前記改変体としては、特に制限はなく、目的に応じて適宜選択することができ、例えば、標的細胞の組織特異性(感染する細胞の指向性)向上などのため、遺伝子組み換えにより(野生型AAVを)改変させたAAVなどが挙げられる。
【0021】
--ベクターにおける官能基--
前記ベクターにおける官能基としては、前記ベクターと前記リンカー化合物との反応性の点から、アミノ基が好ましい。
前記ベクターにおける官能基は、前記ベクターと前記リンカー化合物との反応性の点から、リジン残基における官能基が好ましく、リジン残基におけるアミノ基がより好ましい。
【0022】
前記ベクターにおける官能基は、前記ベクター1単体あたり、1つであってもよく、複数であってもよい。
前記ベクター1単体は、前記ベクターが複数のサブユニットから構成される場合は、その集合体や集合体からなる粒子及び粒子状の物質をいう。
前記ベクターが、前記アデノ随伴ウイルス(AAV)である場合は、前記ベクター1単体は、主にVP1とVP2とVP3のモノマーから構成されている。VP1:VP2:VP3の比率は、セロタイプや製造方法によって異なる可能性があるが、例えば5:5:50の比率で構成された60程度のサブユニットからなることが知られている。

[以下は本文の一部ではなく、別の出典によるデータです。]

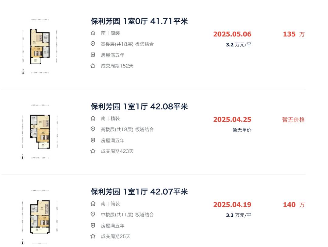 保利芳园,昌平沙河上车楼盘之一,和北街家园部分户型类似性质。 2021年8月,42平高楼层一居室成交价达到了220万,刷新小绿成交史以来最高价。 2025年5月,同户型同类楼层,成交价已降至135万,几乎成为近几年的最低价。 总价跌了将近百分之40,买房是一场豪赌[暗中观察R]

前記ベクターが、前記アデノ随伴ウイルス(AAV)である場合は、前記ベクターにおける官能基が、前記アデノ随伴ウイルスのカプシドを構成する官能基であることが好ましい。
【0023】
前記カプシドは、VP1、VP2、VP3などから構成される。
【0024】
-リンカー化合物-
前記リンカー化合物は、前記ベクターにおける官能基と結合可能な官能基(A)と、前記リガンド化合物と結合可能な官能基(B)と、を有し、さらに連結部(D)を有することができる。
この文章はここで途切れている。